Publisher: Oxford University Press
Publisher URL:
Place of Publication: Oxford
Reviewer: Jennifer Wallis

In November of 2011, I listened to Dr Samuel Alberti present a paper on ‘Body parts in Bart’s’ – one of a series of seminars held in St Bartholomew’s pathological museum in West Smithfield. The museum is a cavernous room surrounded on all sides by glass specimen jars, making the visitor feel it is they who are as much under scrutiny as the specimens themselves. Indeed, the contents of the museum somewhat overshadowed the content of the talk itself: the low temperature necessary for the specimens’ survival led to a chilly hour-and-a-half, while my attention was constantly distracted by the glistening fragments of bone and flesh that lined the wall next to me. It was impossible to look at any of them without imagining my own story about each; I’d recently read about osteomalacia in the 19th century, so the rectangular case containing a rib and femur suggested a whole host of questions that the object itself was unable to answer satisfactorily. Was this a sample of diseased bone, or was it preserved as a ‘healthy’ benchmark? How did it come to be in the museum? Who did it belong to? Would my bones ever end up in a jar on a shelf?

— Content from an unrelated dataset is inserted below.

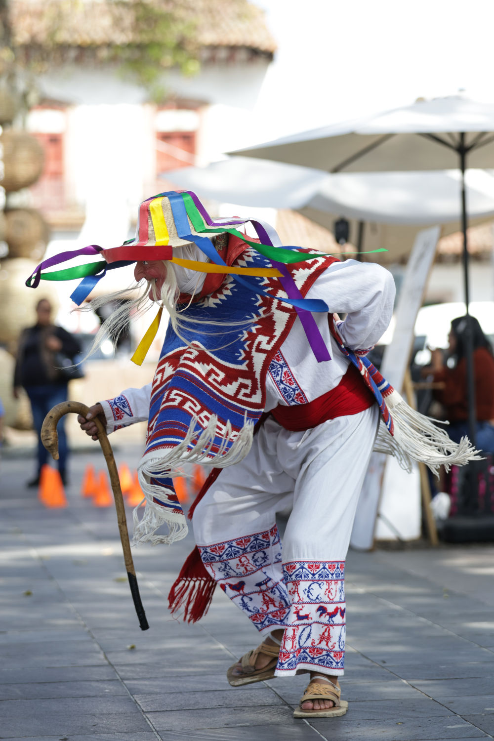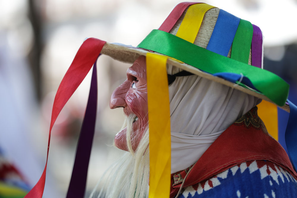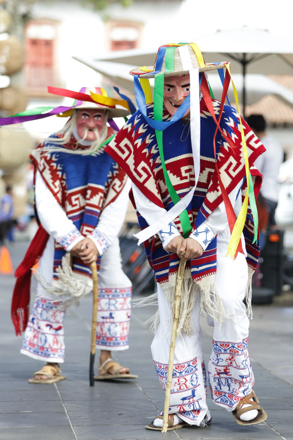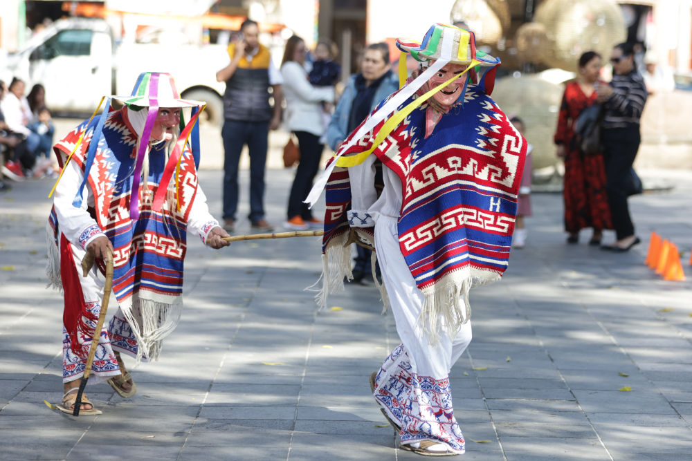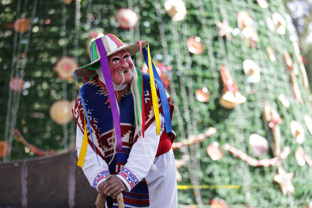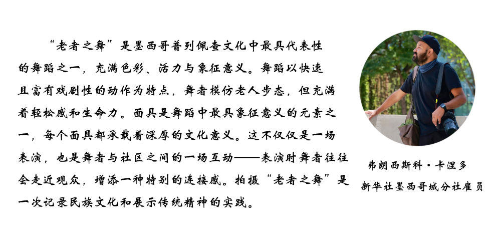 面具制作在墨西哥也有著悠久的歷史,有各式各樣的面具用于各種舞蹈和慶典。舞者表演“老者之舞”時(shí)往往配戴著略顯夸張的面具,面具通常帶有皺紋、胡須和微笑的表情,借以塑造一種看似滑稽、幽默卻充滿智慧的形象。除了老人面具,舞者表演時(shí)還會穿著傳統(tǒng)的普列佩查民族服飾,包括刺繡彩色披肩、白色農(nóng)民風(fēng)格的長衫和編織草帽,整體造型鮮艷、喜慶。舞蹈表演時(shí)舞者會模仿老人的步態(tài),以滑稽的方式彎腰駝背,手持拐杖或木棍,搖搖晃晃地邁步,同時(shí)做出靈活的跳躍和旋轉(zhuǎn)動作,展現(xiàn)一種出人意料的活力與生命力。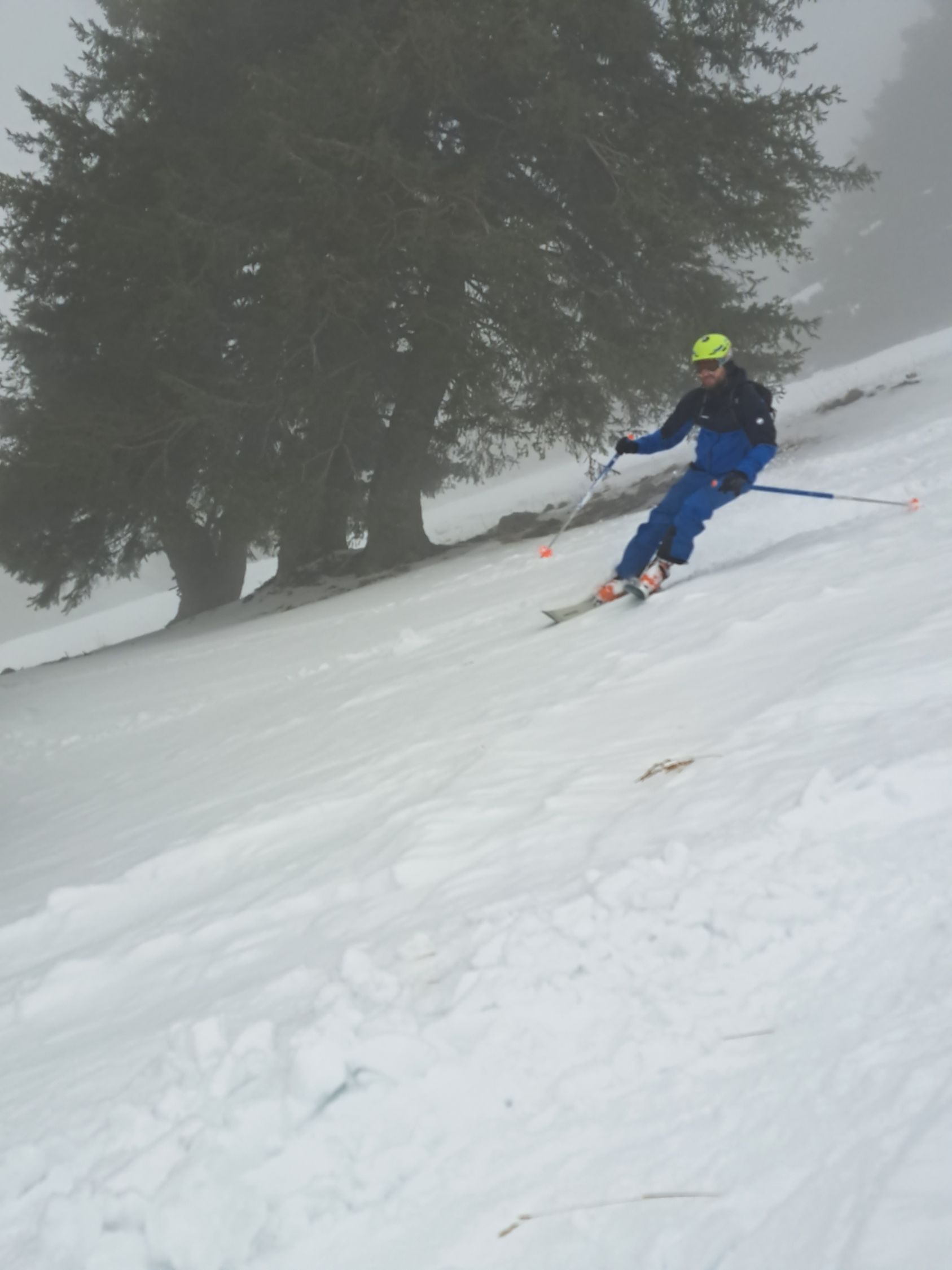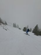 Nassschnee von unten bis oben.Sicht +/- null an Gipfelflanke.Spur bis Gipfel,Flanke schon sehr gut eingefahren(da keine Sicht wenigstens so etwas Reverenz) und Schnee gar nicht so schlecht zum fahren..Genug Schnee oben bis unten.

I’m not alone in such morbid fascination. Historical interest in the dead body seems to have undergone significant growth in recent years with works on the dissected body (Edmondson and Warner’s Dissection (1)), post-mortem photography (most famously, Stanley Burns’ Sleeping Beauty (2)) and even the medical uses of the corpse. Richard Sugg’s Mummies, Cannibals and Vampires, also published this year, examines the hitherto-neglected history of corpse medicine and once again places the dead body centre stage.(3) Like Sugg, Alberti forces us to closely evaluate our feelings about the corpse and its constituent elements, partly by eschewing any explicit appeal to sentiment in his analysis. While some readers might be disappointed by this lack of ethical rumination, the result in both cases is a highly readable and sober account of our relationship with the dead body over time. Alberti is clear in defining his main focus in Morbid Curiosities: he is ‘concerned with the material and museological implications of the circulation of human remains in the nineteenth century’ in order to provide some ‘much-needed historical context to contemporary debates’.

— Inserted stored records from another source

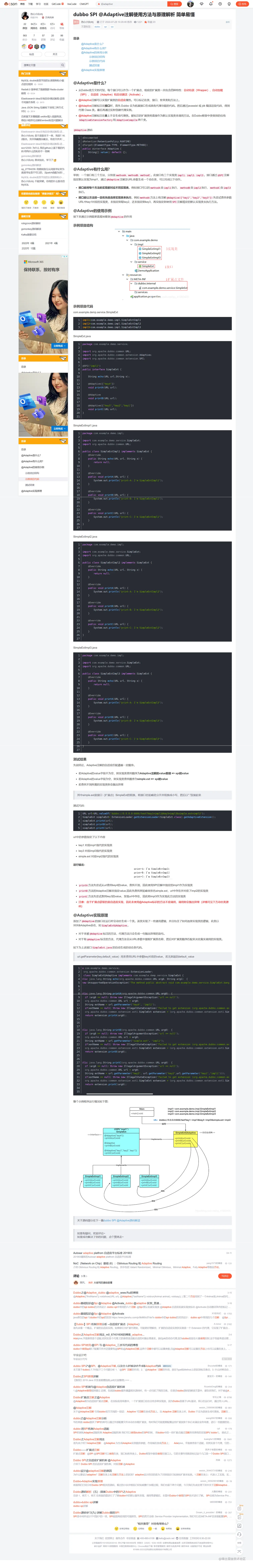在 Dubbo SPI 中,使用 @Adaptive 注解,可以动态地通过 URL 中的参数来确定要使用哪个具体的实现类。从而解决自动加载中的实例注入问题。©Adaptive 注解使用示例。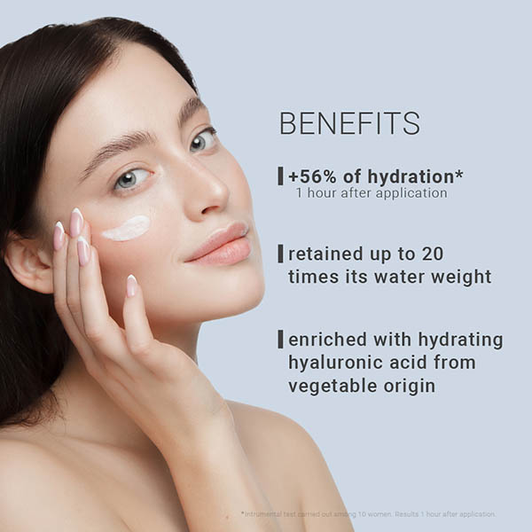 Hyaluronic Acid of natural origin obtained from maize and wheat by bio-fermentation, the molecular structure of which allows up to 20 times its weight in water to be retained, which effectively restores the skin's hydration.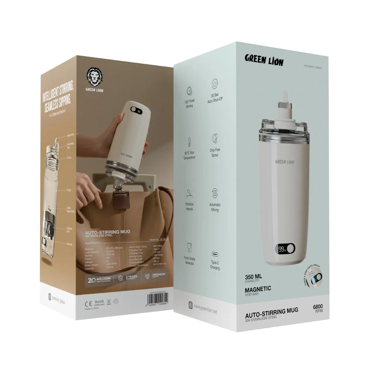 ماگ همزن خودکار گرین لیون ۳۵۰ میلیلیتری، خلاقیت و کاربردی بودن را برای نوشیدنیهای روزمره شما به تصویر میکشد. این ماگ ترکیبی شگفتانگیز از مواد PP، PC و سیلیکون است که با آستر فولادی SUS304 مخصوص مواد غذایی، جلوهای جاودانه به آن میبخشد. این ماگ با باتری ۴۰۰ میلیآمپرساعتی، با توان ۲ وات کار میکند و سرعت موتور آن ۶۸۰۰ دور در دقیقه است که میتواند تا ۱۵۰ بار به صورت خودکار هم بزند. دمای داخلی آن میتواند آب گرم را تا ۸۰ درجه سانتیگراد حفظ کند که برای نگهداری نوشیدنیها در دمای ایدهآل ایدهآل است. این ماگ دارای دهانهای است که به ریختن بدون چکه کمک میکند و یک قفل قابل استفاده مجدد در دست برای راحتی بیشتر دارد. شارژ از طریق پورت Type-C تنها ۱-۲ ساعت عمر باتری دارد. به عنوان یک ویژگی ایمنی، پس از ۳۰ ثانیه عدم فعالیت به طور خودکار خاموش میشود. این ماگ چای، قهوه یا هر چیز دیگری را به راحتی هم میزند. ماگ همزن خودکار گرین لیون، یک قطعه طراحی فوقالعاده شیک و بسیار جمع و جور است.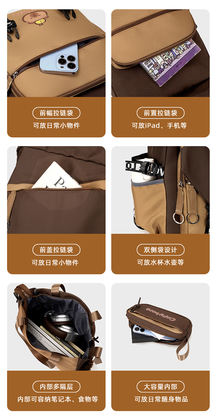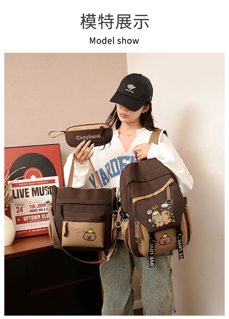 카피 발라 대용량 배낭 카피 바라 만화 학생 스쿨 백 크로스 바디 백 트램 백 연필 케이스 3 피스 세트스토어 가기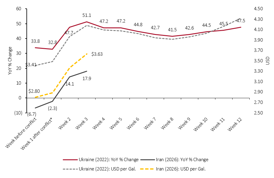 Insight ReportUS Consumer Sentiment Amid the Middle East Energy Shock John Mercer, Head of Global Research and Managing Director of Data-Driven Research March 16, 2026 Reasons to ReadRead this report to understand our latest data and analysis on the implications of the Iran/Middle East energy shock, with a focus on the US consumer and retail. How is US consumer financial and economic sentiment trending, in total and for different income groups? How do gasoline price rises compare to those following the start of the 2022 Ukraine conflict? What are the learnings around shopper traffic from 2022? How much would rising gasoline prices cost US consumers and what is one potential multibillion-dollar offset for higher gasoline prices? Related Reports: CEO Brief: Iran Energy Shock—US Consumer Economy and Retail Impacts Executive SummaryUS consumer sentiment is falling amid the Middle East energy shock. Gasoline prices will impact lower-income consumers first, both directly and indirectly (through the cost of retail products). A strong tax-refund season is one counterbalance, as tens of billions of dollars (additional to last year) are likely to be pumped into the consumer economy. Coresight Research Analysis Consumer Sentiment Is Sliding Personal financial sentiment and economic sentiment are both trending downward, according to our weekly index. Financial sentiment began its decline shortly before the conflict in Iran began. By income group, the decline in sentiment began earliest among lower-income consumers. This group has since been followed by the middle- and higher-income groups. Lower-income consumers are more exposed and sensitive to inflation in everyday categories such as gasoline and groceries. We would expect the ripple effects of higher gasoline prices to show up early in groceries, given the frequently replenished nature of the category. Energy Shock Consumer Impacts As of March 13, gasoline prices had risen by 17.9% year over year. The shape of change in absolute prices (USD) and the year-over-year percentage change is very similar to that seen after the Ukraine invasion four years earlier. However, gasoline inflation and prices are both starting from a lower level than in 2022. Post-Ukraine, the rate of inflation stopped increasing after week 3, but it remained highly elevated, at 40+% year over year. Looking back at 2022, we saw a slowdown in the pace of growth in visits to retail stores, after the Ukraine conflict began and gasoline inflation accelerated. Tax refunds will provide consumers, in total, with a buffer against higher gasoline prices. We expect total refunds for 2026 to increase by around $31-$33 billion versus 2025. That compares to typical monthly consumer spending on gasoline of $31 billion. If, in theory, gasoline prices rise by about 20% year over year, it would cost consumers an extra $6.3 billion per month. In theory, the increased amount in tax refunds could fund that for just over five months. What We Think Uncertainty is the new certainty, and the Middle East energy shock is likely only to entrench existing macroeconomic trends. Assuming the energy shock is not entirely transient, we expect oil price spikes and gasoline price rises to have the following effects: Strengthening overall inflation, due to gasoline prices having a multiplier effect through the economy. We expect 2026 to be the sixth consecutive year of average >2% yearly CPI. Upward pressure on food prices: Products with a short shelf-life will be the first to feel the impacts of the energy spike. “K-shaped” economy: We expect higher-income consumers to again drive growth as lower-income consumers are more heavily impacted by inflation in essentials such as gasoline ad groceries. However, there is a downside risk for higher earners’ spending, as stock-market volatility will hit more affluent consumers’ propensity to spend. Should store traffic tighten, retailers should fight to remain in their shopper’s consideration set, by giving shoppers reasons to visit stores, and retargeting shoppers to drive online purchases. Retailers should not overlook the store fundamentals in discretionary retail, such as in-store execution. For example, Macy’s is driving comp expansion in those stores that focus on execution in merchandising, service and replenishment. Across all recent macroeconomic uncertainties—from Covid-19 to tariffs to the energy shock—diversified supply chains remain an underlying strategy for resilience. In a tougher demand-side market, retailers should explore margin-expansion opportunities, including with technology (including AI) for productivity, and intelligent inventory management. We believe that this conflict and the energy shock only add greater urgency to solutions that focus on margins as well as sales. If “uncertainty is the new certainty,” we continue to emphasize opportunities in rethinking the role of the store, deploying agentic AI for productivity and tapping alternative revenue streams. Introduction We discuss US consumer sentiment, potential shopper reactions and implications for retailers amid the Middle East energy shock. This report is based on our Premium Subscriber Call of March 13, 2026. US Consumer Sentiment Amid the Middle East Energy Shock: Coresight Research Analysis 1. Consumer Sentiment Is Sliding We track US consumer sentiment weekly on two separate measures—personal financial expectations and wider economic expectations, both over the next 12 months. As shown in Figure 1, which gives a 12-month view, both are now trending downward, although financial expectations began its slide before the Iran conflict began in February. Prior to February, financial sentiment had generally been improving, following the end of the federal government shutdown. Figure 1. US Survey Respondents: Expectations for Their Household Financial Situation/the Economy to Get Better or Worse Over the Next 12 Months—Net Better (% of Respondents, Four-Week Rolling A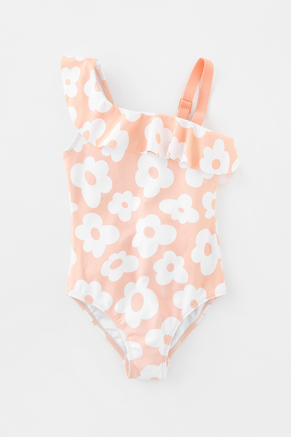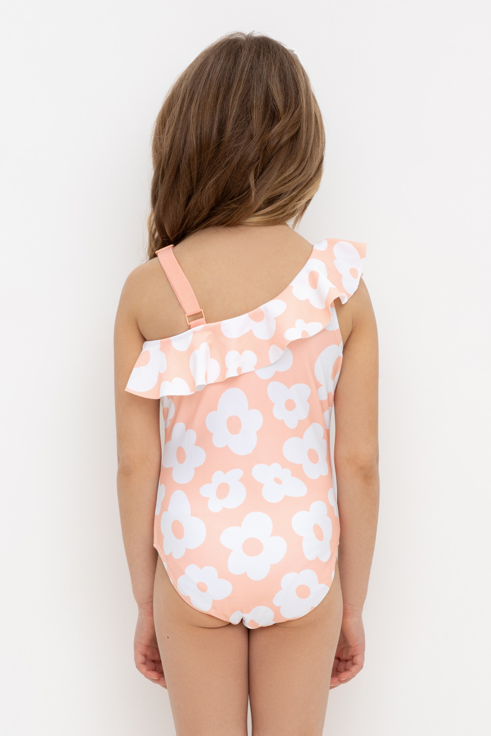 Слитный купальник на лямках для девочки. Украшен оборками. Оригинальная набивка выполнена из стойких гипоаллергенных красителей.

Thus, Alberti begins by introducing us to the ‘Parliament of Monsters’ found at (appropriately) Bartholomew Fair in Smithfield, where the visitor could gaze upon ‘Albinos, painted Indians, Dwarfs’, ‘Wax-work[s]’, ‘modern Merlins, Wild Beasts [and] Puppet-shows’. Both Smithfield’s fair and its museum, he argues, were elements of a Victorian culture of display in which both the living and the dead body had the potential to be transformed into material culture. Drawing on the work of anthropologists as well as historians, Alberti examines the pathological specimen as ‘partible person’ or ‘dividual body’, with human remains in museums forming parts of a wider discourse on death, disease and corporeality. Travelling freak shows and anatomy displays charged the curious public a fee to glimpse nature’s anomalies, while the medical museum typically valued its specimens as teaching aids and producers of knowledge. Though it is always tempting to draw a neat dividing line between ‘high’ and ‘low’ cultures of display, Alberti rightly argues that such a clear-cut distinction is difficult to ascertain in this context. Joseph Woodhead, for example, advertised his Liverpool anatomical museum in a way that echoed the medical world’s justification of its teaching collections, albeit in a more raucous tone: his museum was ‘An Intellectual Study!! And a Public Advantage!!!’

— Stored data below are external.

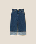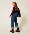 Jeans elasticizzato con gamba ampia, lavaggio medio, risvoltone sul fondo tutto logato con strass, chiusura con bottone e cerniera, tasche sul retro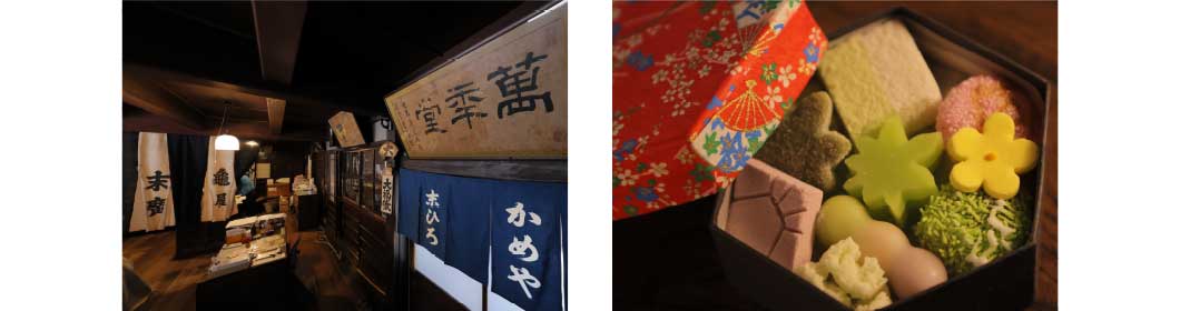 文化元年(1804年)創(chuàng)業(yè)以來、伝統(tǒng)の味と技を守り続けている。看板商品「京のよすが」は、季節(jié)ごとの干菓子や求肥を詰め合わせた逸品で京都の行事や四季を表現(xiàn)している。特別な贈り物としても自分へのご褒美としても最適。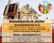 Við ætlum að taka forskot á sæluna næsta sunnudag og mæta í búningum í sunnudagaskólann! Helgihald sunnudagsins 26. október ...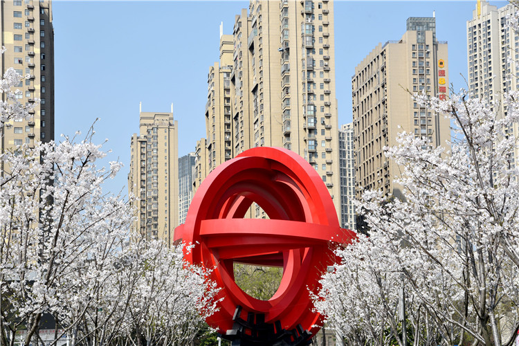 和平广场的樱花大道共种植了98株染井吉野樱,搭配上花瓣雕塑,樱花道与主景雕塑遥相呼应,美不胜收。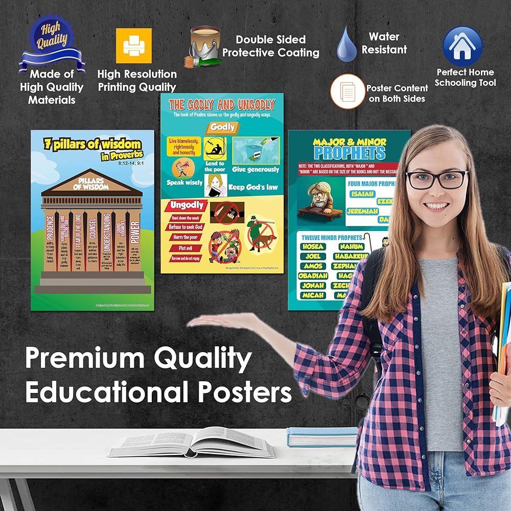 PERFECT RELIGIOUS WORSHIP SUNDAY SCHOOL EDUCATIONAL POSTERS – Learning posters for home school teaching and parent's educational teaching material – Included in this set are 6 posters with front and back designs – each poster contains inspiring religious subjects for kids to strengthen their Christian faith.

This tension between education and sensation is evident throughout Morbid Curiosities, particularly in the chapter ‘Viewing pathology’ in which Alberti examines the experience of the museum visitor. As much as the wealthy individual doctor who collected pathological specimens, the visitor – whether medical student or the general public – was an ‘active [participant] in the construction of [the] meaning’ of exhibits. The story of the recent Body Worlds exhibition is in large part the story of the reactions it elicits – wonder, disgust, awe – and Alberti demonstrates that this is in many ways a repetition of old arguments. The public display of the dead body invariably causes an emotional response on some level, be that response enlightenment, horror or anger (or, as Alberti classifies reactions to exhibits, ‘good, bad or ugly’). Despite attempts to police visitors into behaviours appropriate to the sober environment of the museum, vandalism was a coincident risk as meddlesome students pierced the lids of jars causing the preservative alcohol to evaporate, or crowds smashed wax models to pieces in protest at the medical commodification of the body. Anyone excessively worried about the evil influence of our modern media on the vulnerable mind would do well to recall the case of a tailor who decapitated his wife after studying the anatomy of the throat at an anatomical exhibition, demonstrating that the medical museum’s influence could spread far beyond its walls.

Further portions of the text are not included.